Unterdessen ist es nicht ausgeschlossen, dass in ein paar Jahren der Name Becker erneut in der Profikaderliste des FC St. Pauli auftauchen wird, auch wenn Finn Ole keinerlei Rückkehrgedanken hegt. In der U-17-Mannschaft des Kiezclubs spielt derzeit viel mehr sein 15 Jahre alter Bruder Jesper und hat in sieben Einsätzen in der neuen U-17-DFB-Nachwuchsliga schon mit vier Toren auf sich aufmerksam gemacht.

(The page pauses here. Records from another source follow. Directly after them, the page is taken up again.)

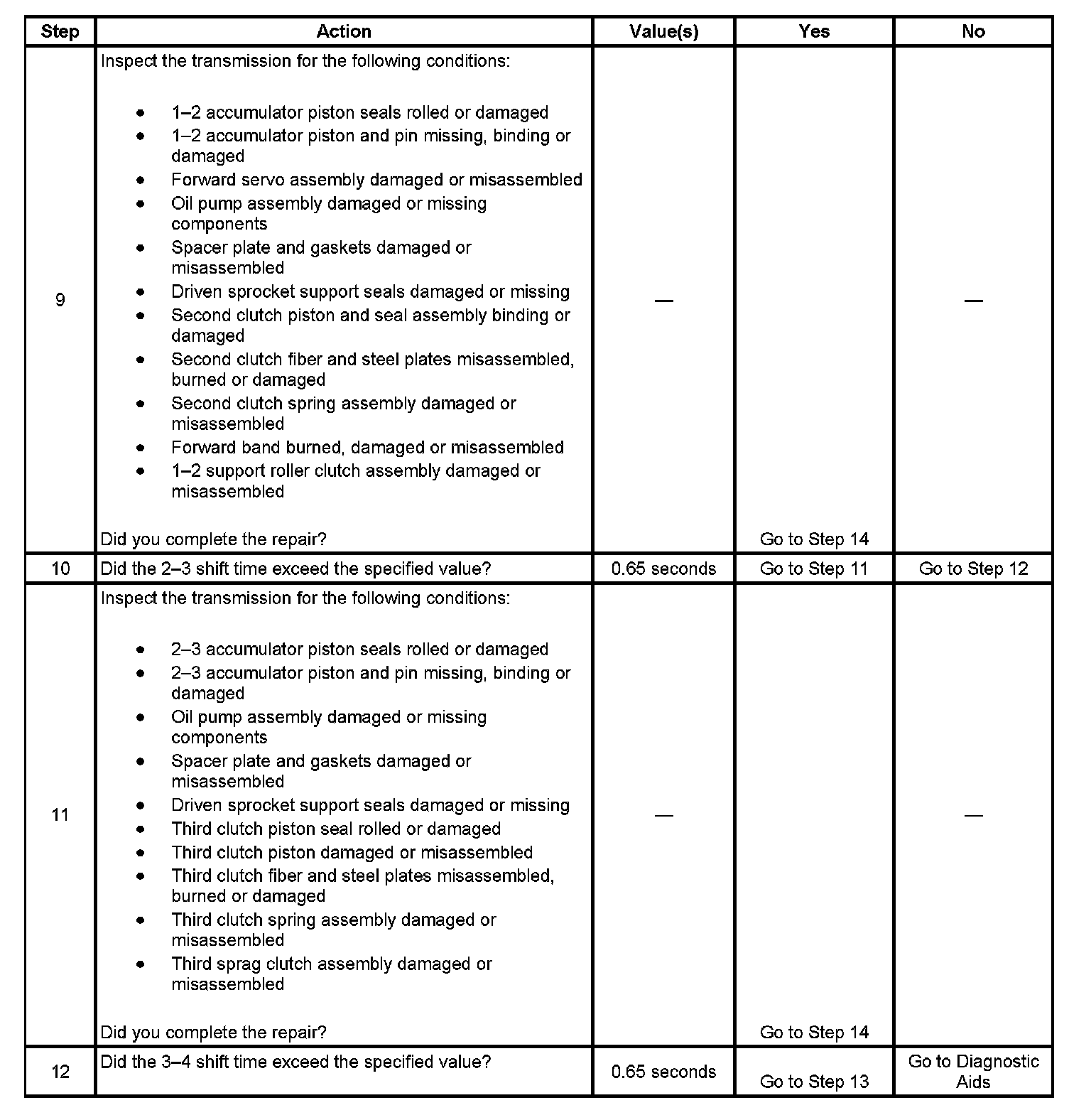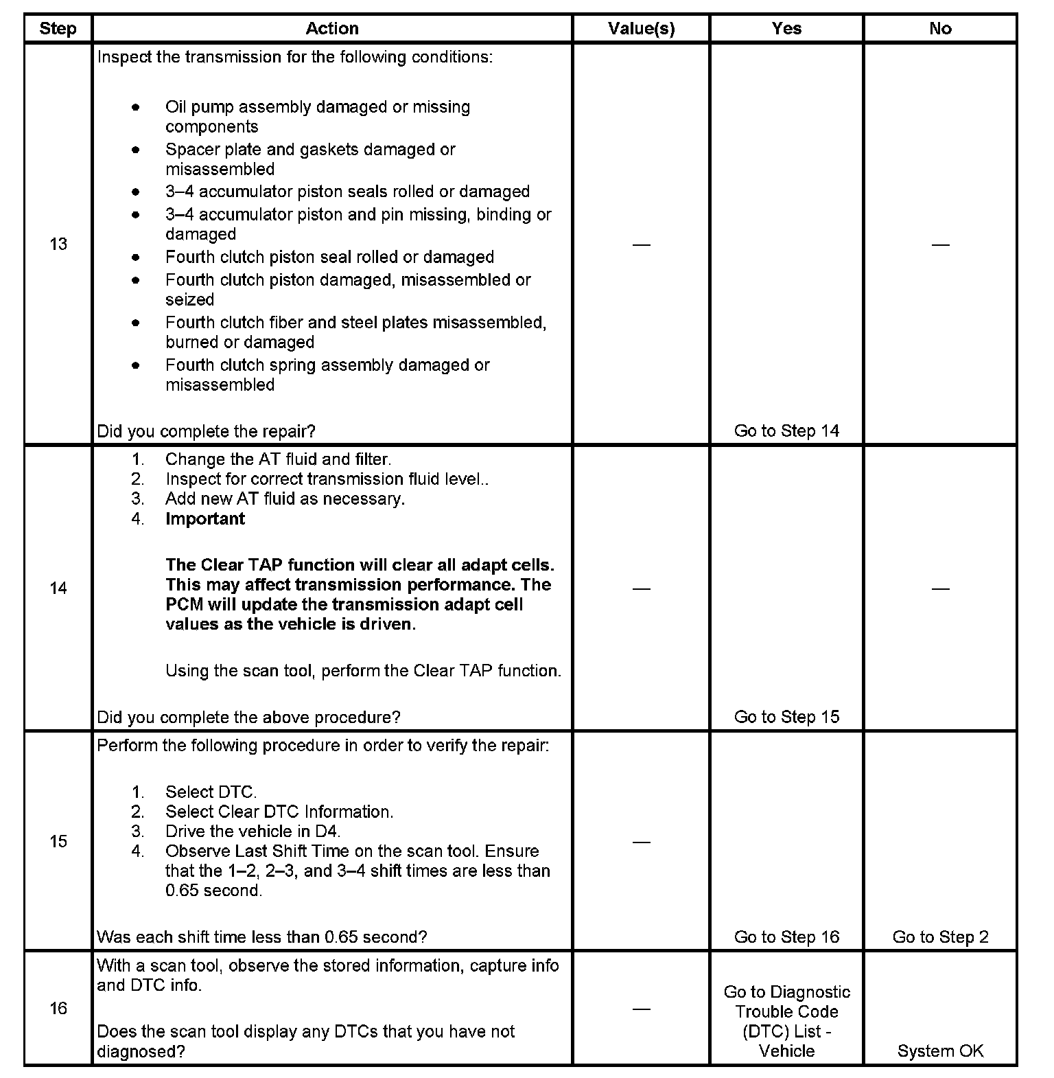 13. This step inspects or repairs components that may cause a maximum adapt and long 3-4 upshift.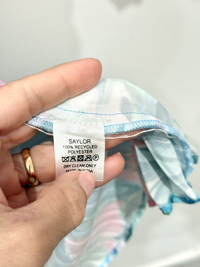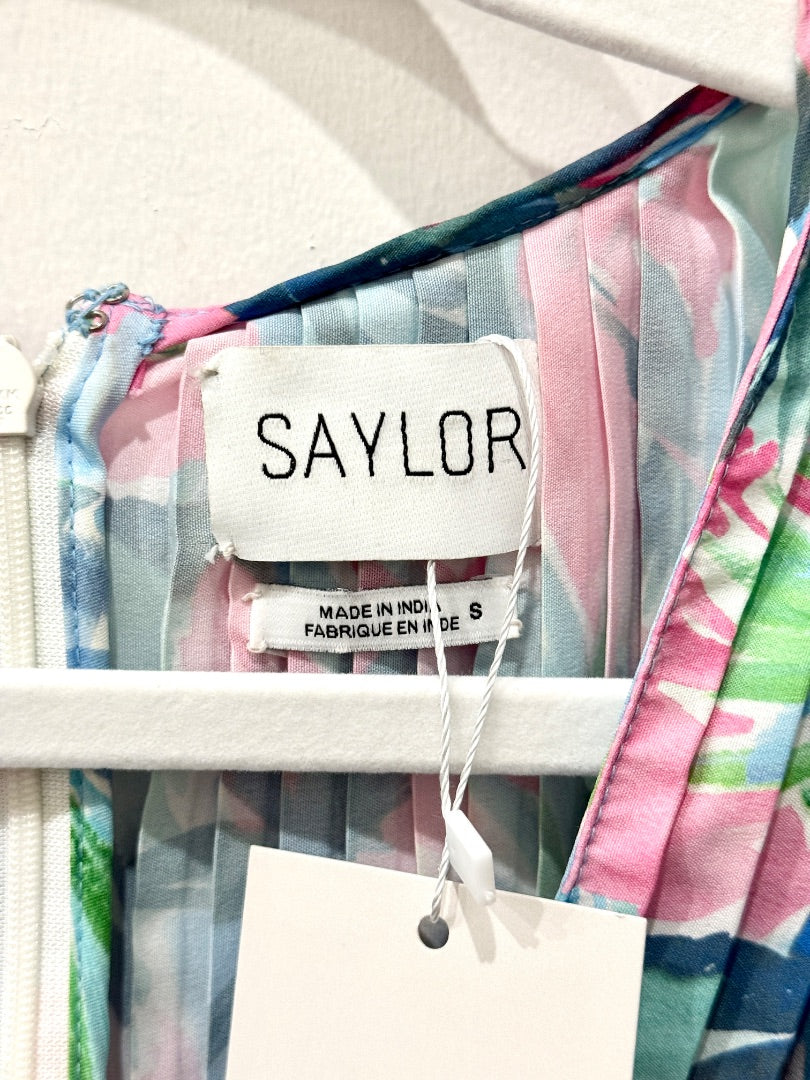 NWOT Saylor Byrd Floral Matte Satin Pleated V-Neck Mini Dress Blue Women's S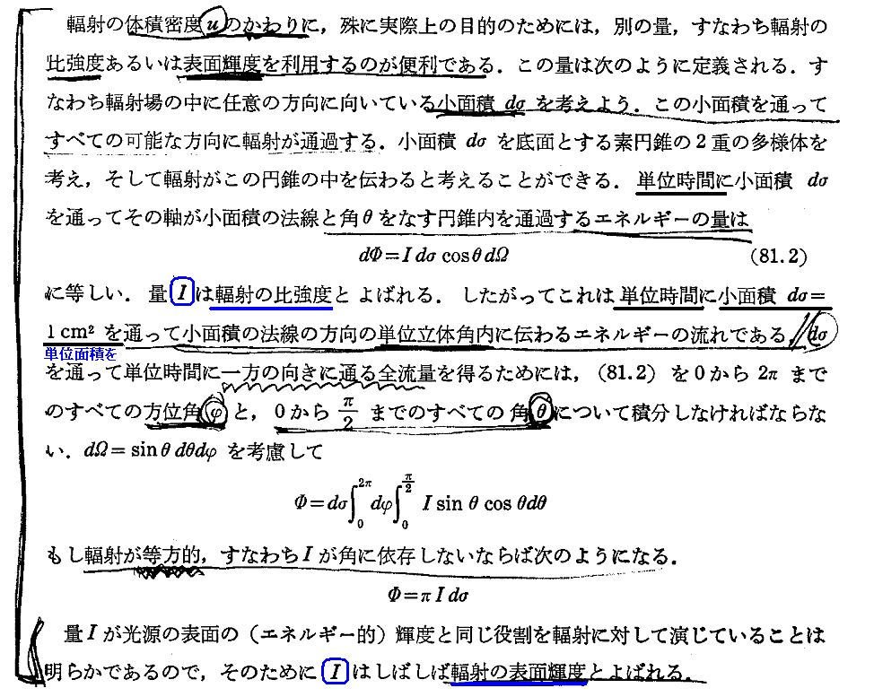 これらの式は輻射を取り扱う様々な場面で利用されるとても重要な結論です。
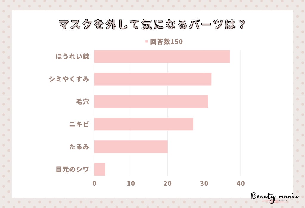 「マスクを外すようになってから気になるお顔の悩みはなんですか?」とアンケート調査した結果、1位は『ほうれい線(37人)』でした。次ぐ2位は『シミやくすみ(32人)』、3位は『毛穴(31人)』となっています。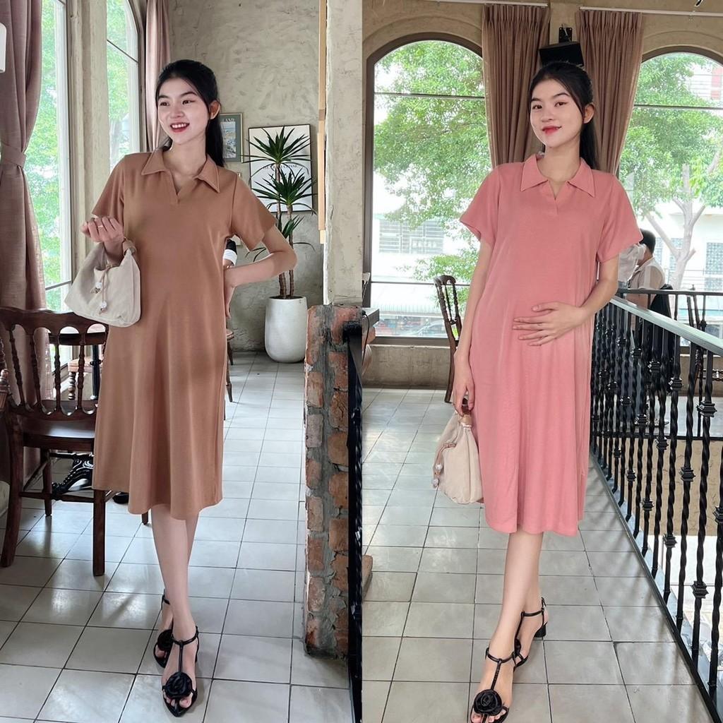 ✨Đầm bầu Polo thun tăm dáng dài trẻ trung, năng động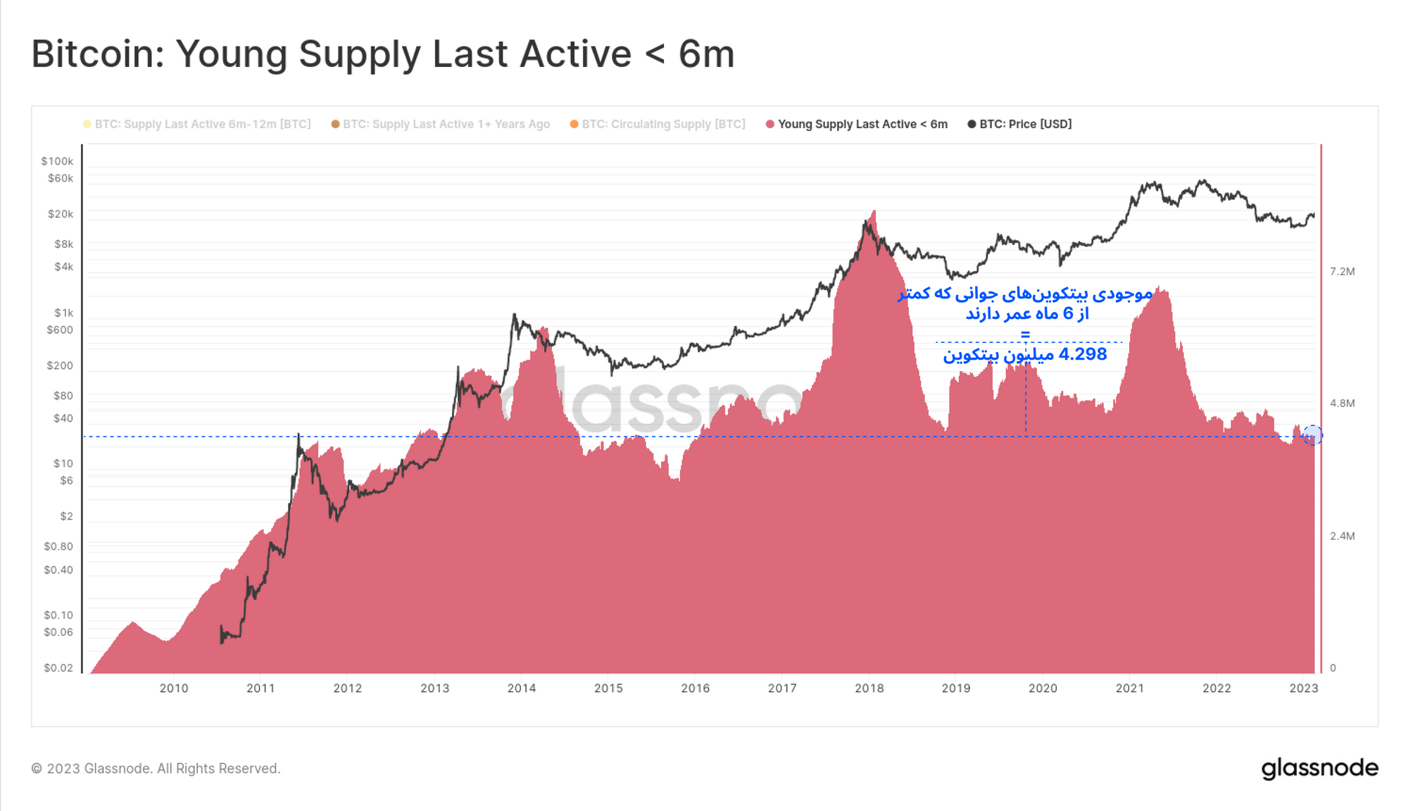 طبق نمودار، موجودی گروه سنی جوانتر از شش ماه حدود ۴.۲۹۸ میلیون بیتکوین است که از آغاز سال تاکنون افزایش قابلتوجهی در این موجودی مشاهده نمیکنیم. بنابراین از آنجایی که تغییری در موجودی بیتکوینهایی با عمر کمتر از شش ماه ایجاد نشده است، میتوان گفت بیتکوینهایی که دارای بیش از شش ماه عمر هستند نیز، در حال حاضر غیر فعال هستند و در گردش بازار حضور ندارند؛ زیرا تا زمانی که بیتکوینهای بلندمدت خرج نشوند، به موجودی بیتکوینهای کوتاهمدت نیز افزوده نخواهد شد.
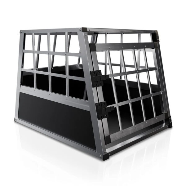 Box na bezpečnou přepravu psů M. S hliníkovým přepravním boxem pro psy M můžete přepravovat malé psy pohodlně a bezpečně. Uložte box do kufru nebo ho připněte na zadní sedadlo auta. Díky lichoběžníkové struktuře se přepravní box vejde do kufru nebo na zadní sedadlo mnoha běžných modelů automobilů. Je vysoký 51 cm, má podlahovou plochu 54 × 69 cm a dá se rychle připevnit k automobilu. Skvrny lze ze síťové krabice snadno odstranit vlhkým hadříkem. Cestovní box odolný vůči korozi je vyroben z dýhovaných dřevěných panelů MDF a hliníkové síťoviny. Tato kombinace zajišťuje prvotřídní stabilitu a dlouhou životnost. Díky nízké hmotnosti ho zároveň lze bez námahy zvednout z kufru. Dveře lze bezpečně uzamknout zámkem.

Bei St. Pauli spielt Bruder Jesper Becker im U-17-Team
Ob er in die Fußstapfen seines Bruders treten kann? „Das Zeug, um Fußballprofi zu werden, hat er allemal“, sagt Finn Ole Becker, betont aber auch: „Es gehört ja viel mehr dazu. Wichtig ist, dass er vor allem fit bleibt. Dann wird er seinen Weg definitiv gehen.“ Und dann lässt der große Bruder mit einem Augenzwinkern und Lächeln eine kleine, familieninterne Spitze vom Stapel: „Noch verliert er in allen Sportarten gegen mich.“
Die voraussichtlichen Aufstellungen:
TSG Hoffenheim: Baumann – Chaves, Stach, Akpoguma – Gendrey, Bischof, Grillitsch, Prass – Kramaric – Hlozek, Bülter.
FC St. Pauli: Vasilj – Wahl, Smith, Wahl – Saliakas, Irvine, Boukhalfa, Treu – Afolayan, Eggestein, Guilavogui.
Schiedsrichter: Stegemann (Niederkassel).